**Exercise data**:
-*-
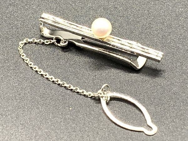 - 【骨董宝飾品】アンティーク シルバー刻印 6㎜玉本真珠『パール ネクタイピン』 オールド メンズアクセサリー L0624C
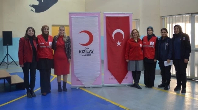Ziyaretin devamında, Meltem Elmacı, Türk Kızılayı’nın tarihsel gelişimi ve insani yardım faaliyetlerini anlatan bir sunum gerçekleştirdi. Sunumda, Kızılay’ın hem ülke içinde hem de uluslararası alanda üstlendiği rolü ve toplumun her kesimine yönelik desteğini içeren bilgilendirmeler yapıldı. Katılımcılar, Türk Kızılayı’nın tarihi misyonu ve sağladığı yardımlar hakkında aydınlatıcı bir slayt gösterimi izlediler.
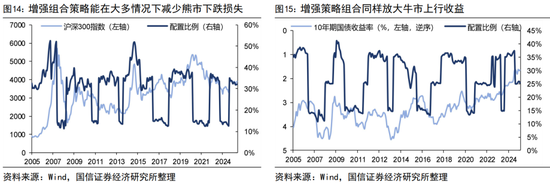 增强版配置组合的收益率更高,关键在于不同经济阶段对资产的合理配置。回顾2005年以来增强配置策略、简单再均衡模型以及其他单一资产的净值走势,我们发现该策略通常能够较好地在熊市阶段通过低配实现风险规避,并高配强势资产以放大其在牛市中的收益,例如在2007、2010、2017、2021年A股市场大跌前夕,投资时钟均显示当时经济环境已由过热(阶段⑤)步入滞胀前期(阶段⑥),将股市由高配调整为低配,由此避免了市场下跌带来的更大损失,详见图14。类似的,在2006、2008、2015、2020、2022年末债券市场迎来牛市上涨时期,投资时钟同样提示提升债券的配置比例,详见图15。
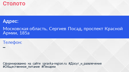 Столото по адресу Московская область, Сергиев Посад, проспект Красной Армии, 185а в дальнейшем Организация, размещена в следующих категориях:
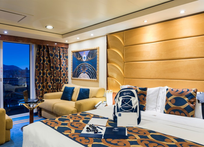 Suite s balkónom/panoramatickým oknom: cca32m²(Royal suite: 52m², Family suite: 45-53m², Deluxe Suite: 32-39m², Aurea suite: 21-47m²), kajuta s manželskou posteľou (na požiadanie 2 oddelené postele) a rozkladacia pohovka. Klimatizácia, kúpeľňa s vaňou, toaletný stolík, priestorná skriňa, interaktívna TV, telefón, minibar, sejf, sušič na vlasy. Balkón so stolíkom a stoličkami/panoramatickým oknom. Internetové pripojenie (za poplatok).
-*-
What to print is the stretch of entries from the line with "Ziyaretin devamında, Meltem" up to and including the line with "Столото по адресу". Please print it exactly and leave out the pictures.

**Task result**:
Ziyaretin devamında, Meltem Elmacı, Türk Kızılayı’nın tarihsel gelişimi ve insani yardım faaliyetlerini anlatan bir sunum gerçekleştirdi. Sunumda, Kızılay’ın hem ülke içinde hem de uluslararası alanda üstlendiği rolü ve toplumun her kesimine yönelik desteğini içeren bilgilendirmeler yapıldı. Katılımcılar, Türk Kızılayı’nın tarihi misyonu ve sağladığı yardımlar hakkında aydınlatıcı bir slayt gösterimi izlediler.
 增强版配置组合的收益率更高,关键在于不同经济阶段对资产的合理配置。回顾2005年以来增强配置策略、简单再均衡模型以及其他单一资产的净值走势,我们发现该策略通常能够较好地在熊市阶段通过低配实现风险规避,并高配强势资产以放大其在牛市中的收益,例如在2007、2010、2017、2021年A股市场大跌前夕,投资时钟均显示当时经济环境已由过热(阶段⑤)步入滞胀前期(阶段⑥),将股市由高配调整为低配,由此避免了市场下跌带来的更大损失,详见图14。类似的,在2006、2008、2015、2020、2022年末债券市场迎来牛市上涨时期,投资时钟同样提示提升债券的配置比例,详见图15。
 Столото по адресу Московская область, Сергиев Посад, проспект Красной Армии, 185а в дальнейшем Организация, размещена в следующих категориях:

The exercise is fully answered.